The Partial Dependence Plots show how predicted survival changes as one predictor changes while the others are averaged out. The sex plot shows a much higher predicted survival response for female passengers than for male passengers. The passenger class plot shows higher predicted survival for first-class passengers compared to lower classes. The fare plot suggests that predicted survival generally increases as fare rises, though fare appears less direct than sex or passenger class because it overlaps with class.

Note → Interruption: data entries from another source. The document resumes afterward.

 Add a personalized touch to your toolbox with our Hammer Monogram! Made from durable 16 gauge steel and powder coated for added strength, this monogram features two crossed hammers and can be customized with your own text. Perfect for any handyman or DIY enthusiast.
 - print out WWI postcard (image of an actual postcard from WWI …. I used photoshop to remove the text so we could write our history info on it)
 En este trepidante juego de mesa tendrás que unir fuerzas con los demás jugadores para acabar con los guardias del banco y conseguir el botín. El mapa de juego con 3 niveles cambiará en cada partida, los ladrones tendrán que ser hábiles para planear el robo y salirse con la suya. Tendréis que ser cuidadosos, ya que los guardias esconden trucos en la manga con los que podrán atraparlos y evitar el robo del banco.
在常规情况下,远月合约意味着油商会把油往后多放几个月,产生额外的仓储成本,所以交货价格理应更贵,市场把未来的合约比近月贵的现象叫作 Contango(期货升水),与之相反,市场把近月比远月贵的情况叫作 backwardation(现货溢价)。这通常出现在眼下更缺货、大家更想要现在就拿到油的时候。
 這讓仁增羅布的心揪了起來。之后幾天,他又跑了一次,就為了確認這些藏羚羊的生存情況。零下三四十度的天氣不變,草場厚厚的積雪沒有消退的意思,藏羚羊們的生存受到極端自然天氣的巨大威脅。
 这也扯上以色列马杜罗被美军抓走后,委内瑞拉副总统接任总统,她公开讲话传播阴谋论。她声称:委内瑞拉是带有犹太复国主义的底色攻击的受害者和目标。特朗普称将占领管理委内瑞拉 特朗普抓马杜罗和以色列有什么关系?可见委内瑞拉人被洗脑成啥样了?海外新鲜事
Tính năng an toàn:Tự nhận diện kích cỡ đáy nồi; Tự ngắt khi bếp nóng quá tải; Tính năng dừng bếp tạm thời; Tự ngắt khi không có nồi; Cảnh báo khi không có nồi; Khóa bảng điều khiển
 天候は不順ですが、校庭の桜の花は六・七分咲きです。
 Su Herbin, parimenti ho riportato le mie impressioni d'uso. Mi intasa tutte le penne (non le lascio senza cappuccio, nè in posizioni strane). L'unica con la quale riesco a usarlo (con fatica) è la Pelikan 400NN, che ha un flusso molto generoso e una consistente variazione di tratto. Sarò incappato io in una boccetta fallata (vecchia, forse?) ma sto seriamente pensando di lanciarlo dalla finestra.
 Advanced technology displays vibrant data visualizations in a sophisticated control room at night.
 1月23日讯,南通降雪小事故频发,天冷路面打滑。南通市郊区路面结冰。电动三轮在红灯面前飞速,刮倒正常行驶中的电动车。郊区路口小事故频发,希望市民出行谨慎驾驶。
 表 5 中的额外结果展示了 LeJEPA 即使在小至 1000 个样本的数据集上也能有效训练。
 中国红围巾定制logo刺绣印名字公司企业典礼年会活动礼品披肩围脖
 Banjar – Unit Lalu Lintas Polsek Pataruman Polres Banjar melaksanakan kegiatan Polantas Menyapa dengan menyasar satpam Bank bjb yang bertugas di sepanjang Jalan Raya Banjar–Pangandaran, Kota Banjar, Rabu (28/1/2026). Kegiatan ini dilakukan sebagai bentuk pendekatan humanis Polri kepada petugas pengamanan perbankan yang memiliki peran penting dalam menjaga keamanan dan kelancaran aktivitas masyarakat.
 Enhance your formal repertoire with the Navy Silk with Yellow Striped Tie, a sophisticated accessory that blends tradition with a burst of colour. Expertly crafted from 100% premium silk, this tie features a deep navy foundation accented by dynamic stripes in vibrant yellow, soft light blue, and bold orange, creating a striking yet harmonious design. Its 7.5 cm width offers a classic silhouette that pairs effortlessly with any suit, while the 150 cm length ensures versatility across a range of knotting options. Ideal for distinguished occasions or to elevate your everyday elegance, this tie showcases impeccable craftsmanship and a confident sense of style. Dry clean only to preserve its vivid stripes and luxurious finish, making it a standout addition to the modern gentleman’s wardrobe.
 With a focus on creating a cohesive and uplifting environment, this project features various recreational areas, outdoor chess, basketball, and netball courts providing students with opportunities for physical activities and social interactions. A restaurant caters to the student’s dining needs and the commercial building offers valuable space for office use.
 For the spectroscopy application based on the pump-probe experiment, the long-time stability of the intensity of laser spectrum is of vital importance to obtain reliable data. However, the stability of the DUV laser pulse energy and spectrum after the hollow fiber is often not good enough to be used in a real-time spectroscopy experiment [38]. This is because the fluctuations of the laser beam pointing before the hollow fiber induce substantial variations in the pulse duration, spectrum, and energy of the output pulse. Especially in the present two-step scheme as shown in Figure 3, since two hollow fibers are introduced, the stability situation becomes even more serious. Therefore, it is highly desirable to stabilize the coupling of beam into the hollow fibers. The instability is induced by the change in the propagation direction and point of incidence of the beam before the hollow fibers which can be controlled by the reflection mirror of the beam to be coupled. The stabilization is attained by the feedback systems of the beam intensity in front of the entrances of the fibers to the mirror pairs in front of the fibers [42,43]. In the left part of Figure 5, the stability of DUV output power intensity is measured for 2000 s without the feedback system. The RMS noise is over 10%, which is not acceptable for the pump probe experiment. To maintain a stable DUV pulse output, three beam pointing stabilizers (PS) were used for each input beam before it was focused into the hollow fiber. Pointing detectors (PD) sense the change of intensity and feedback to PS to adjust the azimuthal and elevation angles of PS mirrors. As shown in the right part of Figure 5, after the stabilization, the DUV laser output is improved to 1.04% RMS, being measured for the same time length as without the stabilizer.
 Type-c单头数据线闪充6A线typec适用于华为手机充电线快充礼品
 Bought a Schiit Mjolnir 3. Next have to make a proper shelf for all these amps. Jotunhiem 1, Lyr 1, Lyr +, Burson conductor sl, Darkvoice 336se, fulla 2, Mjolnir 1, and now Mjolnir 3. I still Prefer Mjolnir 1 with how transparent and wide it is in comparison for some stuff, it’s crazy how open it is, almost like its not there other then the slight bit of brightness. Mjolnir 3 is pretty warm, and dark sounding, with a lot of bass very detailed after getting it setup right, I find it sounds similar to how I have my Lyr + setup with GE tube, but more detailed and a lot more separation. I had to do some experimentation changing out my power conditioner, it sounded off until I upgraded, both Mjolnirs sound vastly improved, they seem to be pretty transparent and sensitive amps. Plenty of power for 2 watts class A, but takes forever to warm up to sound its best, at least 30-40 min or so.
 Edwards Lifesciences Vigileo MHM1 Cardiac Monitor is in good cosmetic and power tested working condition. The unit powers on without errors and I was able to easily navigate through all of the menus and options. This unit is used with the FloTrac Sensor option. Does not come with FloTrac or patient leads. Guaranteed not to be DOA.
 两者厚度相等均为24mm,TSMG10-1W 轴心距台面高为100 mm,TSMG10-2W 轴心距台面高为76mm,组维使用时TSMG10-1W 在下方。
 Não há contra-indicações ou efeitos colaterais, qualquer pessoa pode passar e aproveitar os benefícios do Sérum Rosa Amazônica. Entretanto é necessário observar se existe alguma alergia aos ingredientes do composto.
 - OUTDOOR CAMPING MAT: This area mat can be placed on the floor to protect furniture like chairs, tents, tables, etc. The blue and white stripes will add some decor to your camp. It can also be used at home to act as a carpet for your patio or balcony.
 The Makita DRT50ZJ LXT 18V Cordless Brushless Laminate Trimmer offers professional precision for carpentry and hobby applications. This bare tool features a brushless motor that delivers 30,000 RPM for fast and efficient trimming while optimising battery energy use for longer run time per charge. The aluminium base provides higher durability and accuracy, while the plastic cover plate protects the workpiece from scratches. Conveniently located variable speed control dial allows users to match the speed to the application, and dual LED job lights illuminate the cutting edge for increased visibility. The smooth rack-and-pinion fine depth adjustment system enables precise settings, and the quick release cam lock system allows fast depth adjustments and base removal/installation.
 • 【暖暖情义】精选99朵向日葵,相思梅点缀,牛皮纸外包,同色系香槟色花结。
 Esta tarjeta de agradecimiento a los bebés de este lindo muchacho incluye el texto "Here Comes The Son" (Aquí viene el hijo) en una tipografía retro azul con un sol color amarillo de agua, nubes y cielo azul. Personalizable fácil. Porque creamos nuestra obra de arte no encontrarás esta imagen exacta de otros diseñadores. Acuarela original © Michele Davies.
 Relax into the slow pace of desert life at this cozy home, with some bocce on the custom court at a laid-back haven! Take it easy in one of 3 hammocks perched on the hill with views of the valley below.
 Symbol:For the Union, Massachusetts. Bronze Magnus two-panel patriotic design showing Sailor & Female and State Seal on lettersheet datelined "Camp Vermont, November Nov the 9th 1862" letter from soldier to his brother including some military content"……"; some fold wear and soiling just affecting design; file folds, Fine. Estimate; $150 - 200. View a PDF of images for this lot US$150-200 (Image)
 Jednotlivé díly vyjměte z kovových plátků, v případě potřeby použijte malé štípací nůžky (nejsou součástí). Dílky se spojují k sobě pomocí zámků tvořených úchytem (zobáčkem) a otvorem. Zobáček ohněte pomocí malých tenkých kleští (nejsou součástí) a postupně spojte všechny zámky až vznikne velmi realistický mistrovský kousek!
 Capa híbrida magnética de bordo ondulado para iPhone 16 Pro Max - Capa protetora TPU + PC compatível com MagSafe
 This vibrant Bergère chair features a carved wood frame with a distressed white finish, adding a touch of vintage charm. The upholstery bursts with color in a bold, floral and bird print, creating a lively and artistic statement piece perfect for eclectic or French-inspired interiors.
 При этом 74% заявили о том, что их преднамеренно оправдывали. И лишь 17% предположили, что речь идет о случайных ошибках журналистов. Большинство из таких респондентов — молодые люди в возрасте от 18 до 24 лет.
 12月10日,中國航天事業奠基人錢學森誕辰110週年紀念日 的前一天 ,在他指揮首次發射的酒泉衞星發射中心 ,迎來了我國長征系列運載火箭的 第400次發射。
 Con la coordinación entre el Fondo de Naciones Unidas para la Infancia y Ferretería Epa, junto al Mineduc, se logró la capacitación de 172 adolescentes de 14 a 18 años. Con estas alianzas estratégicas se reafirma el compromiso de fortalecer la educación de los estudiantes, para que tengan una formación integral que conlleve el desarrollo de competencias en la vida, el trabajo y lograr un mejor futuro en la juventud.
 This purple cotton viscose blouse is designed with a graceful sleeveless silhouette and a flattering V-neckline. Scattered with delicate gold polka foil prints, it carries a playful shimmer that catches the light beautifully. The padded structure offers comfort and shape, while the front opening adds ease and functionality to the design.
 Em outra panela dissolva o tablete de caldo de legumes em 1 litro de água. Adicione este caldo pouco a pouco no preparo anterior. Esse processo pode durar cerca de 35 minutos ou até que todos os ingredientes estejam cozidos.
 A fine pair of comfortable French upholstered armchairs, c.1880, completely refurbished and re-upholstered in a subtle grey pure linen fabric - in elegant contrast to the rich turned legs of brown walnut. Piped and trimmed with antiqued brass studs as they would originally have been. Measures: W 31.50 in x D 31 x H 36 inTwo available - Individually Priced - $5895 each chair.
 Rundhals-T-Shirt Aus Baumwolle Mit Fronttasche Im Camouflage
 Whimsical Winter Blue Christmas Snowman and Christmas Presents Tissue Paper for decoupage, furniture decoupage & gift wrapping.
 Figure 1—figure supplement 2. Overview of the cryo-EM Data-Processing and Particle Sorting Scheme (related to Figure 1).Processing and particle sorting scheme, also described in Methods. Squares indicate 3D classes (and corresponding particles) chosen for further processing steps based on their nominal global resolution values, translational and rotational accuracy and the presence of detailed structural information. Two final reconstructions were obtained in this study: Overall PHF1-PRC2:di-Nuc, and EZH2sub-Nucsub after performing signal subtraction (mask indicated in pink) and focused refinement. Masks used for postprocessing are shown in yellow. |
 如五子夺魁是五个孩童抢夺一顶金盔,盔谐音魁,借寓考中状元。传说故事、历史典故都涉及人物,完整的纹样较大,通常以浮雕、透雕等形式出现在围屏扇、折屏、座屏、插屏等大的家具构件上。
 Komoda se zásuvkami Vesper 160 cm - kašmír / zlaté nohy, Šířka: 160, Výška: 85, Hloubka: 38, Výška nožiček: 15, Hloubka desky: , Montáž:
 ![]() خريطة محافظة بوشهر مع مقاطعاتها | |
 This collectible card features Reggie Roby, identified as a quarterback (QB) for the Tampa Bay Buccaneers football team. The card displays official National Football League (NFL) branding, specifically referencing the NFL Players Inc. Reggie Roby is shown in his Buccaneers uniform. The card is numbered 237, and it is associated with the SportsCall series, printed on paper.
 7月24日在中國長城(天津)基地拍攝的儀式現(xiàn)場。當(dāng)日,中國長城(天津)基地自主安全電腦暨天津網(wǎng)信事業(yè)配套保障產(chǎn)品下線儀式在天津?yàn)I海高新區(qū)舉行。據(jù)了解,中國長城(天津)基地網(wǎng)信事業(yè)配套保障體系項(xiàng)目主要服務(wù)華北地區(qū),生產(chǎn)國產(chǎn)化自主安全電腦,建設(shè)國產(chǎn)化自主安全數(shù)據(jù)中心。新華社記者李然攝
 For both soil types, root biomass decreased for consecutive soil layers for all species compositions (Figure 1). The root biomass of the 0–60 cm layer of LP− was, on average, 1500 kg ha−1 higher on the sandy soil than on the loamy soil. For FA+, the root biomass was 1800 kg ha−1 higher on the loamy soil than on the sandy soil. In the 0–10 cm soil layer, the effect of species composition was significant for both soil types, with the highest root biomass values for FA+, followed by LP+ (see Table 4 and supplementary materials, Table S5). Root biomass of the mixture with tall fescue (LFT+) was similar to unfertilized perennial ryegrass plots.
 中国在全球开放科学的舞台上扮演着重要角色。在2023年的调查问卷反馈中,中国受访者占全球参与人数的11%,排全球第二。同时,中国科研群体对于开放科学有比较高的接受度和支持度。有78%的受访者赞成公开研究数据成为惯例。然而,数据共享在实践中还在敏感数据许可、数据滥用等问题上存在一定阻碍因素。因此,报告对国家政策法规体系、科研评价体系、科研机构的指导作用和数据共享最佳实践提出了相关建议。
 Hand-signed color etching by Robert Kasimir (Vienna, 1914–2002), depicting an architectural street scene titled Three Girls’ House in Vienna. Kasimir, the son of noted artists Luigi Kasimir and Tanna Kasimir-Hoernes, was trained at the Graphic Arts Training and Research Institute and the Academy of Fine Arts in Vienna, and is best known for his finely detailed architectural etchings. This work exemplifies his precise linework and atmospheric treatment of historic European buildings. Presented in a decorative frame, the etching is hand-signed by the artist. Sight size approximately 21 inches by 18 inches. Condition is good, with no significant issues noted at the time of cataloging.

| model_id | auc | logloss | aucpr | mean_per_class_error | rmse | mse |
|---|---|---|---|---|---|---|
| StackedEnsemble_BestOfFamily_1_AutoML_1_20260515_155945 | 0.8705 | 0.4114 | 0.8433 | 0.1800 | 0.3563 | 0.1269 |
| GBM_4_AutoML_1_20260515_155945 | 0.8696 | 0.4135 | 0.8424 | 0.1788 | 0.3571 | 0.1275 |
| StackedEnsemble_AllModels_1_AutoML_1_20260515_155945 | 0.8655 | 0.4152 | 0.8416 | 0.1821 | 0.3575 | 0.1278 |
| GBM_grid_1_AutoML_1_20260515_155945_model_1 | 0.8615 | 0.4329 | 0.8355 | 0.2026 | 0.3682 | 0.1356 |
| GBM_2_AutoML_1_20260515_155945 | 0.8610 | 0.4213 | 0.8328 | 0.1904 | 0.3609 | 0.1303 |
| GBM_3_AutoML_1_20260515_155945 | 0.8606 | 0.4223 | 0.8377 | 0.1942 | 0.3621 | 0.1311 |
| GBM_grid_1_AutoML_1_20260515_155945_model_3 | 0.8601 | 0.4293 | 0.8305 | 0.1974 | 0.3672 | 0.1348 |
| GBM_5_AutoML_1_20260515_155945 | 0.8574 | 0.4172 | 0.8393 | 0.1877 | 0.3582 | 0.1283 |
| DeepLearning_grid_2_AutoML_1_20260515_155945_model_1 | 0.8568 | 0.4615 | 0.8245 | 0.1939 | 0.3739 | 0.1398 |
| GBM_grid_1_AutoML_1_20260515_155945_model_2 | 0.8562 | 0.4181 | 0.8305 | 0.1911 | 0.3594 | 0.1292 |
The GLM achieved an AUC of approximately 0.860, while the Random Forest achieved an AUC of approximately 0.892. Since AUC measures how well a model separates passengers who survived from passengers who did not survive, the Random Forest performed better overall.
The AutoML leaderboard also showed strong performance from ensemble and tree-based models. However, the GLM remains valuable because its coefficient plots make the direction of each predictor’s relationship with survival easier to explain.
Across these labs, I practiced moving from raw data to meaningful analysis. Lab 3 emphasized data wrangling and summary tables, Lab 5 focused on statistical visualization, Lab 10 introduced interactive mapping, and Lab 11 applied machine learning to prediction and interpretation. Together, these projects show how R can be used not solely to produce graphs and models, but also to tell clearer stories with data.